What comes first? Your privacy or safety? I think this too, like everything else, is contextual. Place a person in an environment where people are attacked and dying each day, and it is more likely that this person will choose safety and give almost anything required to get safety over privacy. Similarly, a person who does not see any immediate threat to life will prefer to have her privacy respected by the authorities. I am not saying that expecting privacy of our information and communication is wrong. But as the author says in the Introduction, to find a needle in a haystack, the haystack needs to be sifted and therefore, collected.
Then there is the act of making important documents public. If we look at these two acts in isolation, then both of these acts are, perhaps, equally wrong. It is wrong of the government to infringe upon people’s rights. Similarly, it is wrong of a government employee or contractor to make important documents public, which could endanger long-term strategies and other people’s lives.

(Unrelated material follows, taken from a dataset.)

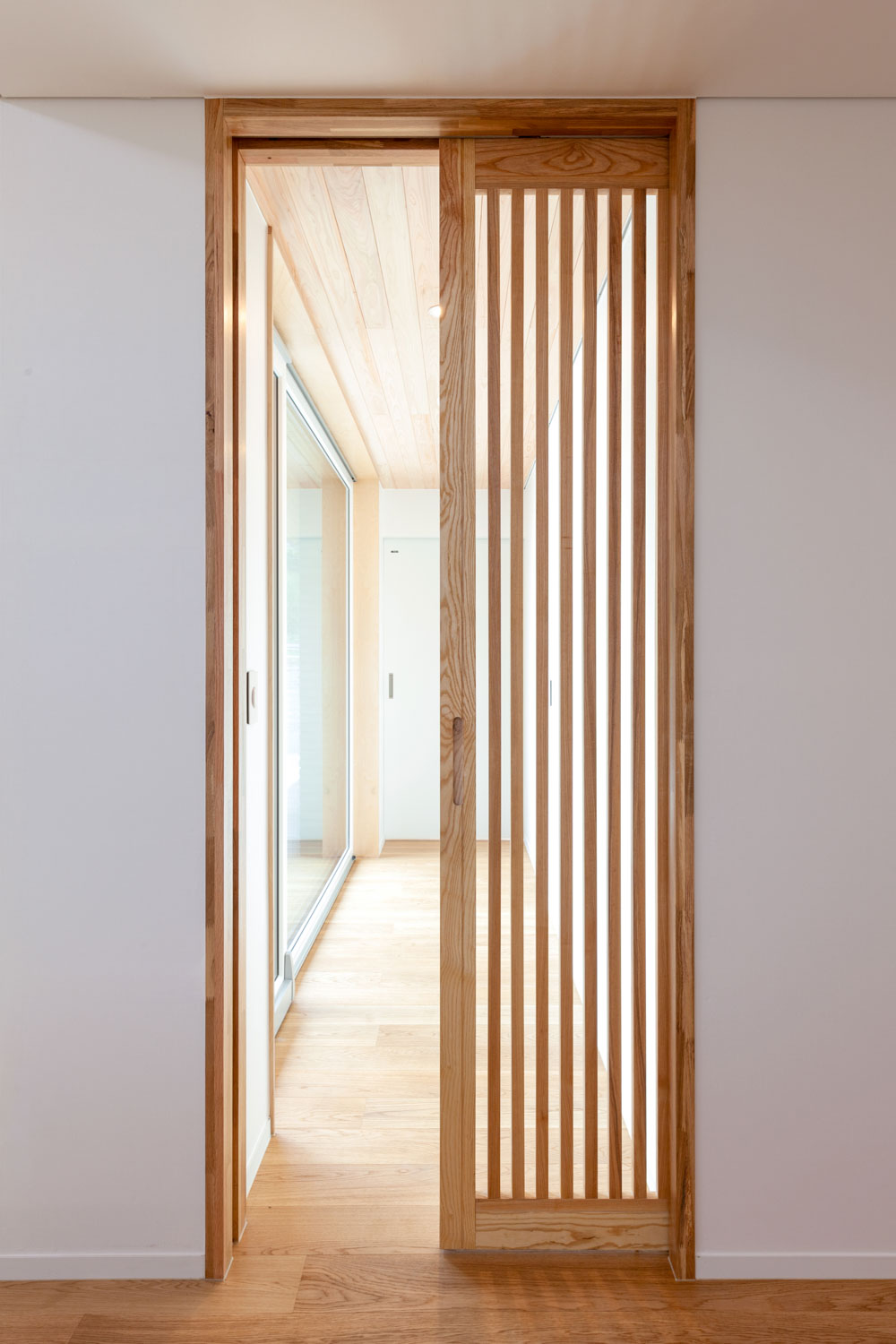 대문을 열고 들어서면 가로로 긴 매스와 마주한다. 마치 한옥의 사랑방을 닮았는데, 손님을 맞이하는 공간이기도 하고 사적인 생활이 가능하도록 안마당을 보호하는 요소이기도 하다.

After Snowden: Privacy, Secrecy, and Security in the Information Age
Pages: 320 pages Publisher: Thomas Dunne Books (May 19, 2015) ISBN: 125006760X, 978-1250067609
After Snowden raises these and many other legal and moral questions that each one of us needs to ponder on.
The collection of essays covers the long history of definition of “Classified Documents”. In Judging State Secrets: Who Decides – And How? Barry Siegel, discusses various court and government lawyers’ arguments on what makes a piece of information a secret to be protected.
Many of you may not agree with my opening argument. But then, we readily share our intimate thoughts and report our actions everyday on various social networks. These data are used by the social networks to make money and in turn sell you stuff based on your behavior. But we agree to this violation of private information. Information that is consumed and used by advertisers to manipulate us into buying their products and services. Then why is it so wrong if the government uses much less information (gathers only metadata) to protect its citizens? Is it wrong because you are not aware of what the government is doing? Are the tech companies telling you what they are doing with your data? Do you know how the metadata these companies have access to used by buyers over which you have no control? Buyers who could be sitting anywhere in the world.
Snowden revelations have shown that the government did not disclose that it was monitoring information and officials lied when asked a direct question. But the revelations have not yet shown that the agencies misused this information or somehow used it to manipulate the individuals.
Yes. Transparency is important and it is citizens’ right to know what the government is doing and what it is spending their money on. Snowden leaks have managed to bring about some change in this. Thomas Blanton covers the century old secrecy debate and how these leaks have brought that debate again into focus in Secrecy, Surveillance, and the Snowden Effect.
Right or wrong, Snowden leaks ensured that new checks and balances be brought into the whole system and that only few at the top of these agencies do not get a free run on deciding what is off bounds and what is justified. It is the responsibility of the elected representatives that the actions of these agencies are monitored and controlled to protect both: citizens and their rights.